Big reads or writes are optimized: they are cut down to several requests egal to the stripe size, and treated optimaly.

If the read or write is accross 2 stripes, the md driver does the job correctly: everything is handled in one operation.

With small reads there is no problem because the data is in the kernel cache after the first read. So several contiguous reads only generate a small overhead for CPU and memory, compared to the slow disk bandwidth.
For example I read 1 Gb of data 100 bytes at a time: the kernel will first transform it to a 512 kb read because this is the minimum I/O size (if the stripe size is 512 kb).
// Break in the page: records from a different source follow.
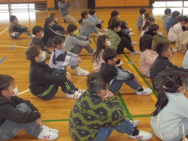 1年生は人権集会の様子です。人権擁護委員のお話を聞いています。
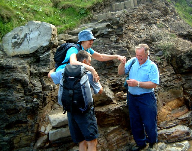 | Time for a well-deserved ice-cream, but is this such a good idea, as we now have a very steep climb back to the cliff top? | ||
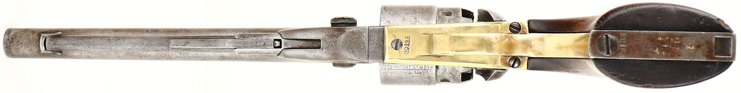 Colt, 1860 Army - U.S Military, CAL: .44, MFG: early 1862, SN: 29138, Single Action Percussion Revolver, 8'' round barrel. Martially marked. The original wood grips are very good, having been lightly sanded, with protective oils/finish added over time. The inspector cartouches on the grips are barely visible, but you can make out the outline of the initial box. The backstrap./butt is cut for a stock. The metal surfaces have fully worn to metal gray, with areas toned to a brown patina. The brass trigger guard is bright, having been cleaned. Bore is good, with intermittent pitting. Small blade front sight. The top of the barrel is marked ''ADDRESS SAM L COLT NEW- YORK U.S. AMERICA''. The left side of the frame is marked ''COLT'S PATENT''. The Texas Naval scene on the cylinder has worn smooth, but the patent markings, serial number & inspector mark are still visible. There are multiple inspector marks on the revolver, such as: ''T'' on the top of the backstrap, ''S'' on the trigger guard, behind the trigger loop, ''C'' on either side of the barrel, on the cylinder, between two nipples & ''B'' above the serial number on the cylinder. All matching SN on the frame, trigger guard, barrel, butt, cylinder & wedge. Antique, No FFL Req. - Value: 1000 to 2000
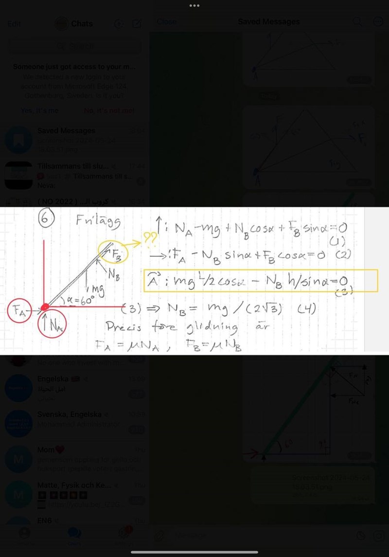 Jag undrar hur de fick att vinklen ( efter komposantuppdelningen) blev samma mellan Fb och Nb ?
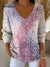 Women's Color Gradient Art Pattern Art V-neck Solid Color Loose Shiny Sweater

So the next 100 bytes will already be in kernel cache. This is the exact same thing as reading from a non RAID partition.

With writes smaller than the stripe size, the md driver first read the full stripe into memory, then overwrite in memory with the new data, then compute the result if parity is used (mostly RAID 5 and 6), then write it to the disks.
For example I write 1 Gb of data 100 bytes at a time: the kernel will first read the 512 kb stripe, overwrite the required parts in memory, compute the result if parity is involved, then write it to the disk. When writing the next 100 bytes, only the "read the 512 kb stripe" is avoided because the data is in the kernel cache. So we have a small overhead for overwriting into memory and computing parity, but a huge overhead because the data is written again to the same stripe. The kernel code here is not optimized.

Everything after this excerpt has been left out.